First of all, we start by creating the project directory and changing to it.

mkdir project
cd project

We then download the latest version of HRIBO into the newly created project folder and unpack it.

wget https://github.com/RickGelhausen/HRIBO/archive/1.7.0.tar.gz
tar -xzf 1.7.0.tar.gz; mv HRIBO-1.7.0 HRIBO; rm 1.7.0.tar.gz;

Retrieve and prepare input files

Before starting the workflow, we have to acquire and prepare several input files. These files are the annotation file, the genome file, the fastq files, the configuration file and the sample sheet.

Annotation and genome files

First, we want to retrieve the annotation file and the genome file. In this case, we can find both on NCBI using the accession number NC_002516.2.

../_images/NCBI-1.png

On this page, we can directly retrieve both files by clicking on the according download links next to the file descriptions. Alternatively, you can directly download them using the following commands:

wget ftp://ftp.ncbi.nlm.nih.gov/genomes/all/GCF/000/006/765/GCF_000006765.1_ASM676v1/GCF_000006765.1_ASM676v1_genomic.gff.gz
wget ftp://ftp.ncbi.nlm.nih.gov/genomes/all/GCF/000/006/765/GCF_000006765.1_ASM676v1/GCF_000006765.1_ASM676v1_genomic.fna.gz

Then, we unpack and rename both files.

gunzip GCF_000006765.1_ASM676v1_genomic.gff.gz && mv GCF_000006765.1_ASM676v1_genomic.gff annotation.gff
gunzip GCF_000006765.1_ASM676v1_genomic.fna.gz && mv GCF_000006765.1_ASM676v1_genomic.fna genome.fa

.fastq files

Next, we want to acquire the fastq files. The fastq files are available under the accession number PRJNA379630 on NCBI. The files have to be downloaded using the Sequence Read Archive (SRA). There are multiple ways of downloading files from SRA as explained here.

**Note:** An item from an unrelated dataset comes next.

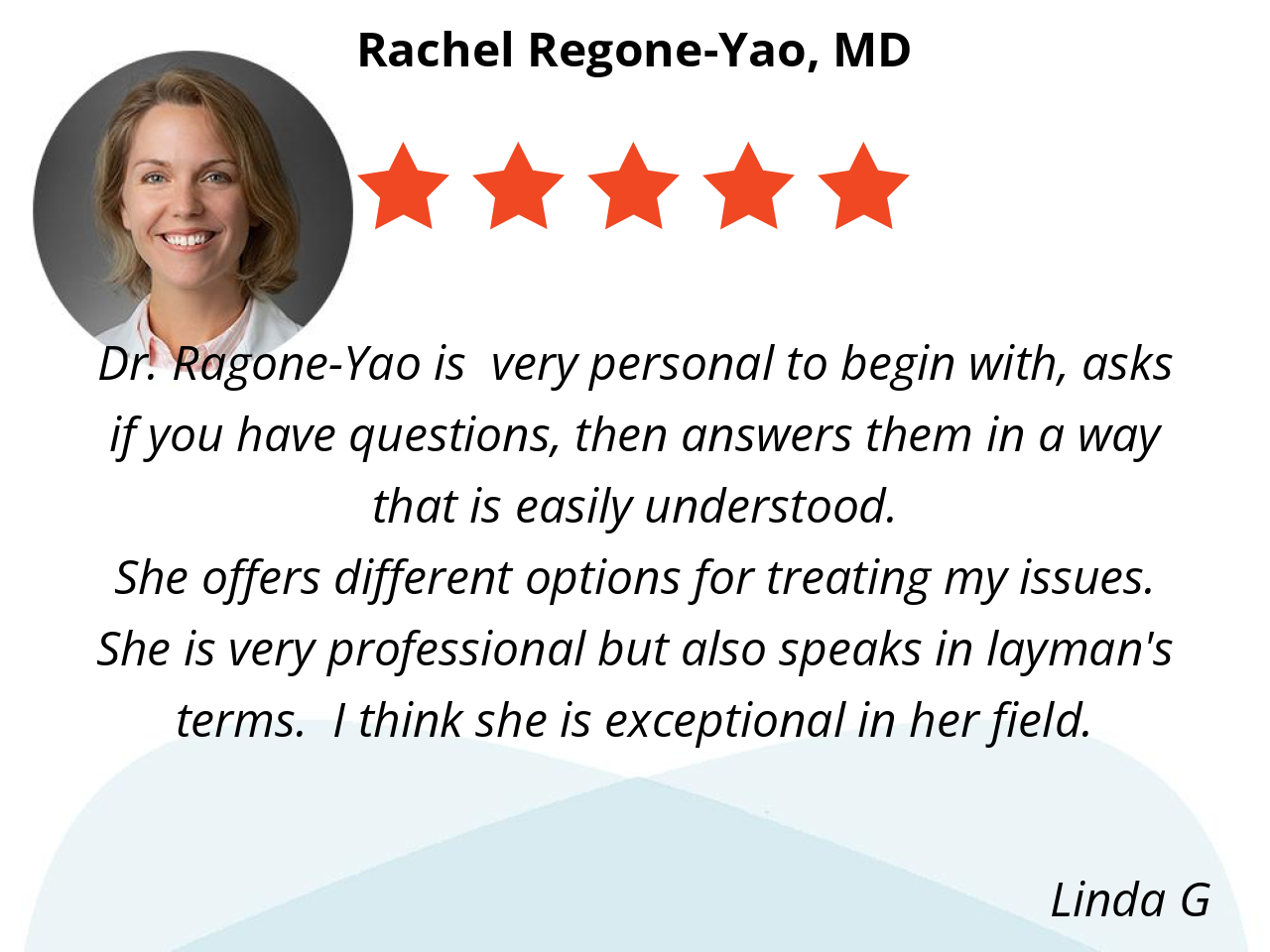Dr. Ragone-Yao is very personal to begin with, asks if you have questions, then answers them in a way that is easily understood.

As we already have conda installed, the easiest way is to install the sra-tools:

conda create -n sra-tools -c bioconda -c conda-forge sra-tools pigz

This will create a conda environment containing the sra-tools. Using these, we can simply pass the SRA identifiers and download the data:

conda activate sra-tools;
fasterq-dump SRR5356907; pigz -p 2 SRR5356907.fastq; mv SRR5356907.fastq.gz RIBO-PAO1-gly-1.fastq.gz;
fasterq-dump SRR5356908; pigz -p 2 SRR5356908.fastq; mv SRR5356908.fastq.gz RNA-PAO1-gly-1.fastq.gz;
conda deactivate;

Note

Due to the runtime of several tools, especially the mapping by segemehl, this tutorial only uses one condition and replicate. If available, it is advisable to use as many replicates as possible.

Warning

If you have a bad internet connection, this step might take some time. If you prefer, you can also use your own .fastq files. But ensure that you use the correct annotation and genome files and that you compress them in .gz format (using gzip, pigz, etc …)

This will download compressed files for each of the required .fastq files. We will move them into a folder called fastq.

mkdir fastq;
mv *.fastq.gz fastq;

Sample sheet and configuration file

Finally, we will prepare the configuration file (config.yaml) and the sample sheet (samples.tsv). We start by copying templates for both files from the HRIBO/templates/ into the HRIBO/ folder.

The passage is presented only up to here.